**WHAT THIS TASK INVOLVES**
Each record must be written out again exactly. Skip any picture it contains.

**INFORMATION SUPPLIED**
+===+

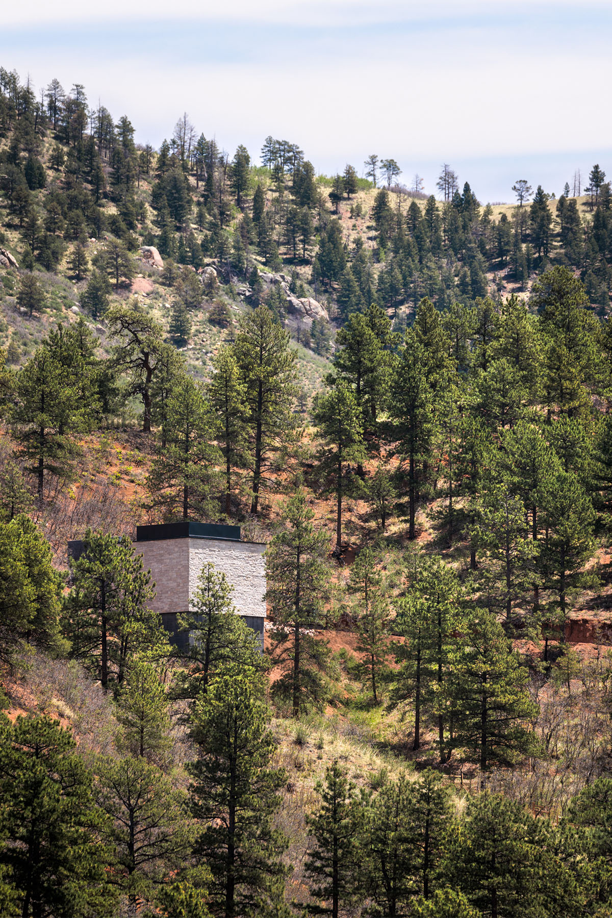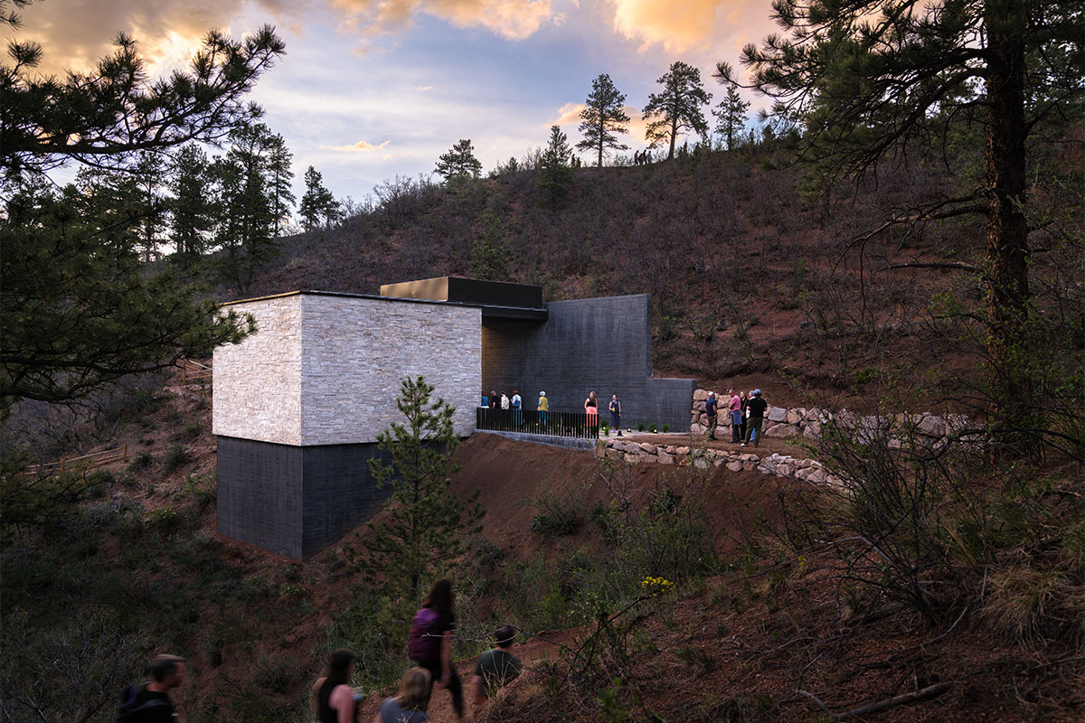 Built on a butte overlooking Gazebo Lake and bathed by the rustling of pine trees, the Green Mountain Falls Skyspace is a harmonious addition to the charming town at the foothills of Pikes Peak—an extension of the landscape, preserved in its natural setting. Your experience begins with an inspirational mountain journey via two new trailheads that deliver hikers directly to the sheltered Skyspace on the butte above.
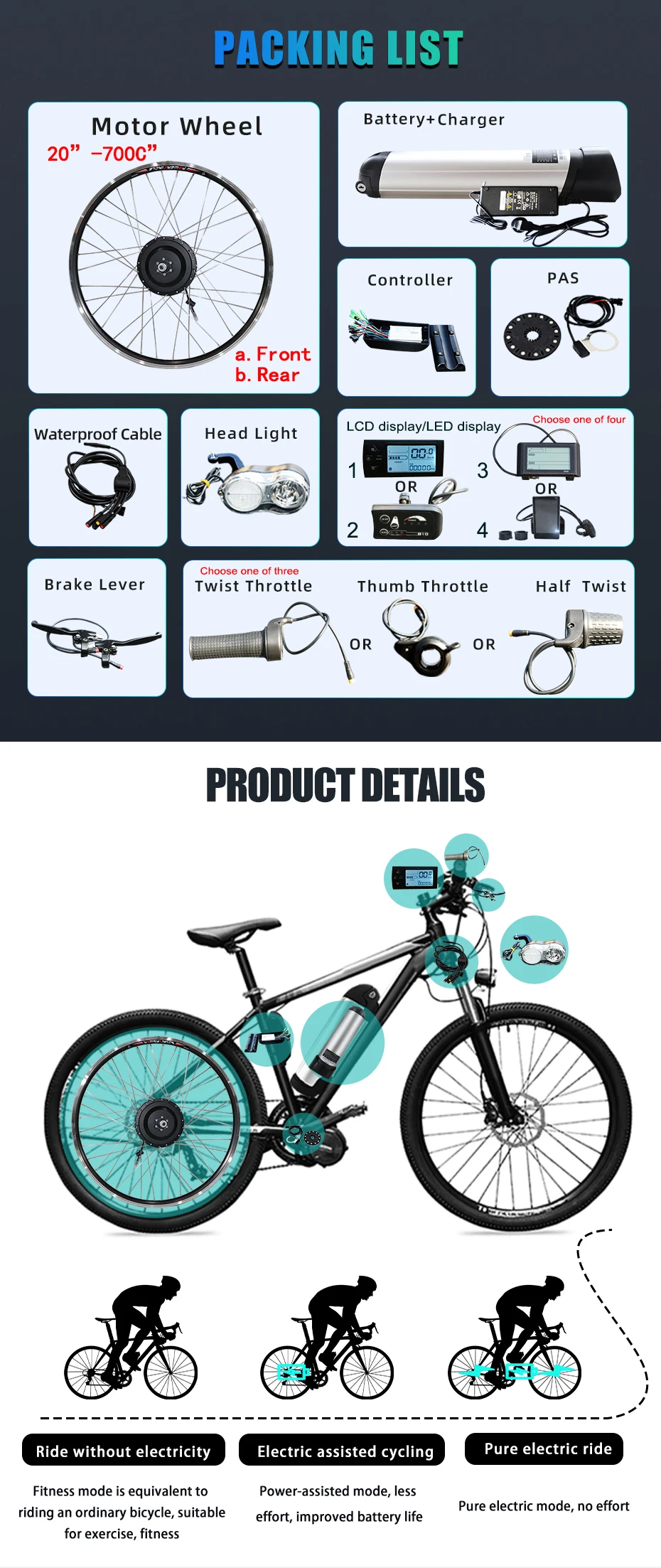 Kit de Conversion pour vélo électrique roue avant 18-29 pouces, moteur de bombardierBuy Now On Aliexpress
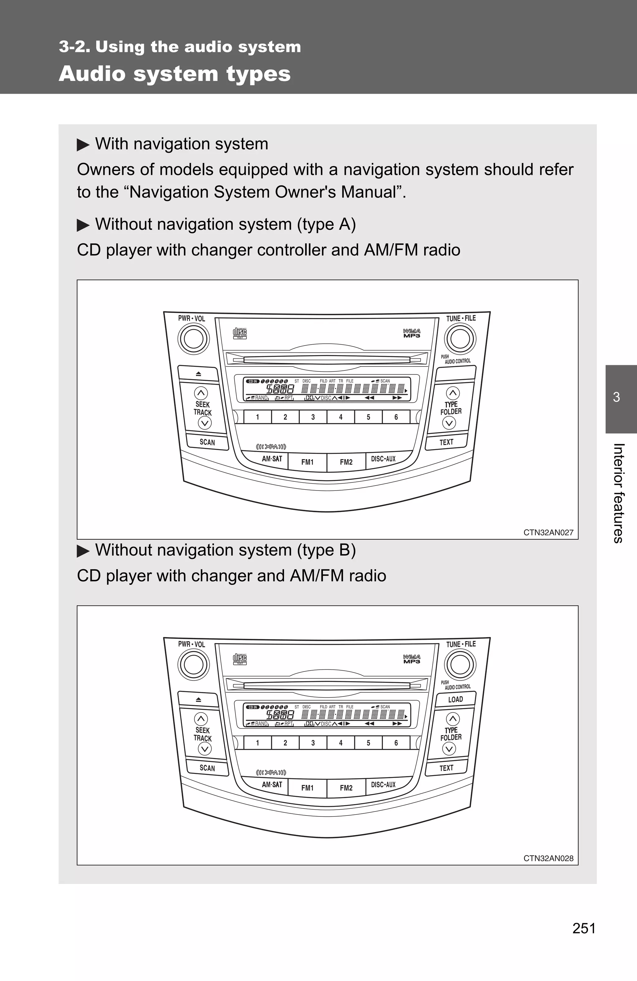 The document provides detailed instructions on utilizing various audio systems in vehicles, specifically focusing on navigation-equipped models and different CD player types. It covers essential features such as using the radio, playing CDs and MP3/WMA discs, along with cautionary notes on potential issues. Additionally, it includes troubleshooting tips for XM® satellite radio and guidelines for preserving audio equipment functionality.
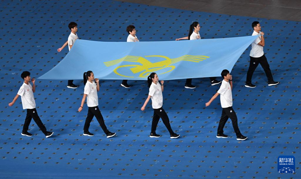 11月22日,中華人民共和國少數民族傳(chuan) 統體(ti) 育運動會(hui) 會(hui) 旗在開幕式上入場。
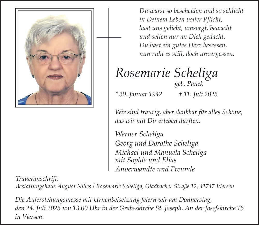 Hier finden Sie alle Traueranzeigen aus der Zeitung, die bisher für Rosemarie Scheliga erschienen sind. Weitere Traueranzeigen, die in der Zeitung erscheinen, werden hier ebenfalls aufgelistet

+===+

**ANSWER**
 Built on a butte overlooking Gazebo Lake and bathed by the rustling of pine trees, the Green Mountain Falls Skyspace is a harmonious addition to the charming town at the foothills of Pikes Peak—an extension of the landscape, preserved in its natural setting. Your experience begins with an inspirational mountain journey via two new trailheads that deliver hikers directly to the sheltered Skyspace on the butte above.
 Kit de Conversion pour vélo électrique roue avant 18-29 pouces, moteur de bombardierBuy Now On Aliexpress
 The document provides detailed instructions on utilizing various audio systems in vehicles, specifically focusing on navigation-equipped models and different CD player types. It covers essential features such as using the radio, playing CDs and MP3/WMA discs, along with cautionary notes on potential issues. Additionally, it includes troubleshooting tips for XM® satellite radio and guidelines for preserving audio equipment functionality.
 11月22日,中華人民共和國少數民族傳(chuan) 統體(ti) 育運動會(hui) 會(hui) 旗在開幕式上入場。
 Hier finden Sie alle Traueranzeigen aus der Zeitung, die bisher für Rosemarie Scheliga erschienen sind. Weitere Traueranzeigen, die in der Zeitung erscheinen, werden hier ebenfalls aufgelistet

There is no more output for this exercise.